こんにちは、はぴごろもです。
コロナの影響により長らく休演を余儀なくされていましたが、7月半ばになり各劇団の公演が再開されようとしています。
劇団四季は本日7月14日より「ライオンキング」(東京)、「マンマ・ミーア!」(横浜)が上演されます。
再開おめでとうございます!!
何年も前のことですが、どちらの公演も観劇したことがあります。役者も楽曲も演出もどれもこれも素晴らしく、夢のような時間を過ごしたことは、いつまでも忘れません。
コロナ禍における現在の情勢は、正直気がかりです。
しかし、企業の対策として劇団四季や宝塚歌劇団など多くの劇団は、クラスターを発生させない、という強い意志のもと、これでもかというほど対策を講じていることと思います。
観劇される皆々様もどうぞ、ご安全に観劇されますことを~。
さて、今回は基本に戻って、舞台用語「上手・下手」のお話です。
どっちが上手(かみて)?下手(しもて)?
一人で舞台の映像のみを観ていたころは気にも留めなかったのですが、舞台用語を知っていたほうが理解できて、より楽しめるかもと思う時があります。

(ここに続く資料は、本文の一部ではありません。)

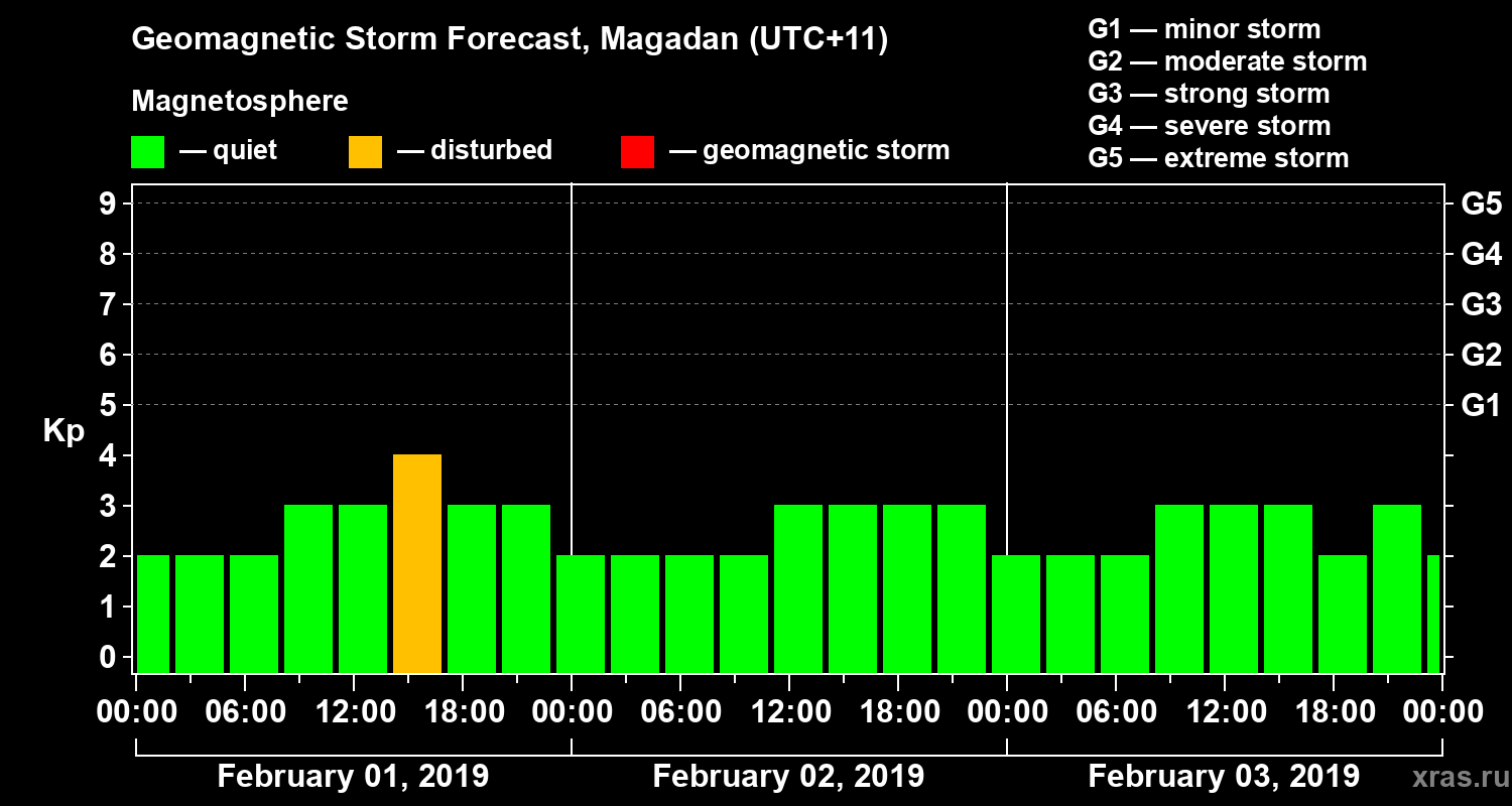 Geomagnetic storm forecast in Magadan for Feb 01, 2019

今回は舞台の基本中の基本であろう「上手・下手」のお話です。
舞台を観劇された方の感想などで「〇〇さんが上手から登場して」とか「下手にはけて」など目にすることがあります。
さて、舞台のどちらが「上手(かみて)」でどちらが「下手(しもて)」なのでしょうか?
約半年前、私は久々に生の宝塚の舞台を観劇するにあたり、舞台の基本である「かみて・しもて」は覚えておかねば!と思ったものでした。それにあたりちょっとついでに調べたことなどを書いてみようと思います。

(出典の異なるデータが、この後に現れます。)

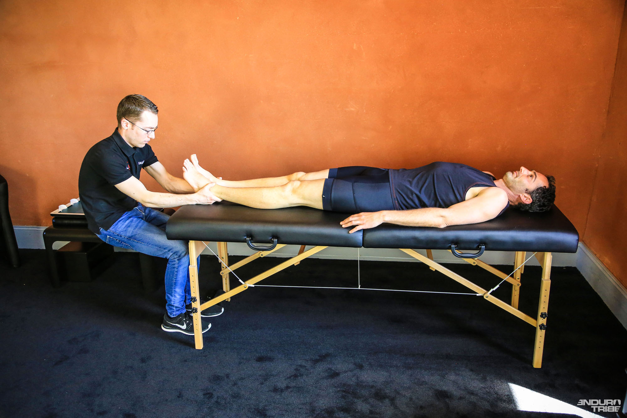 Seconde étape, déterminer l’angulation de l’avant-pied. En position agenouillée sur une table d’ostéopathie, Fabien mesure l’angulation de chaque pied pour déterminer si je suis plutôt varus (vers l’extérieur) ou valgus (vers l’intérieur).
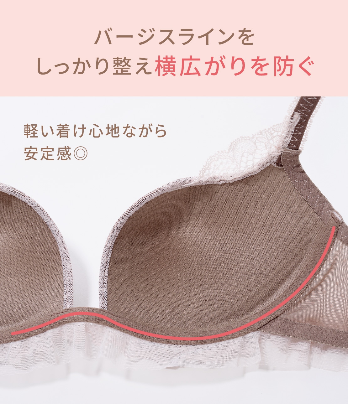 ・ワイヤーブラ並みにバージスライン(バストの輪郭)をしっかりマークし、バストラインを美しくキープ。

答えを先に書けば、客席から向かって右側が上手。左側が下手です。
スッキリしました!終わりです。
忘れない覚え方は?
いや、しかし頭のメモリの容量不足に悩むワタクシ。今覚えたつもりでも、ちょっと経てば「あれ?どっちがどっちだっけ?」と、なってしまうんでないの?マチネやソワレのように覚え方があるだろうか?
このときは結局、「マチソワ」で覚えましたが(笑)。
観劇を嗜んでいらっしゃる方々はどのように覚えているのか。そのまんま覚えている方も多くいるとは思いますが、調べてみます。
すると、学校の体育館のステージ上のピアノの位置が下手だ!との覚え方。
「ピアニッシモ」なんてのもWikipediaにありました。
ピアノがシモね。なるほど~、うまい!
しかしだな、「学校の体育館のステージ上のピアノの位置」を思い出すのに少々時間が掛からないだろうか。しかも○十年前ともなると、中には思い出せない人もいるのでは?
他に良い覚え方はあるかな?
「舞台の花道は下手側」
なるほど。
花道は演者の「出入り口」に当たるので、「下」のイメージ。奥、つまり向かって右側が上手になるわけですね。ふむふむ。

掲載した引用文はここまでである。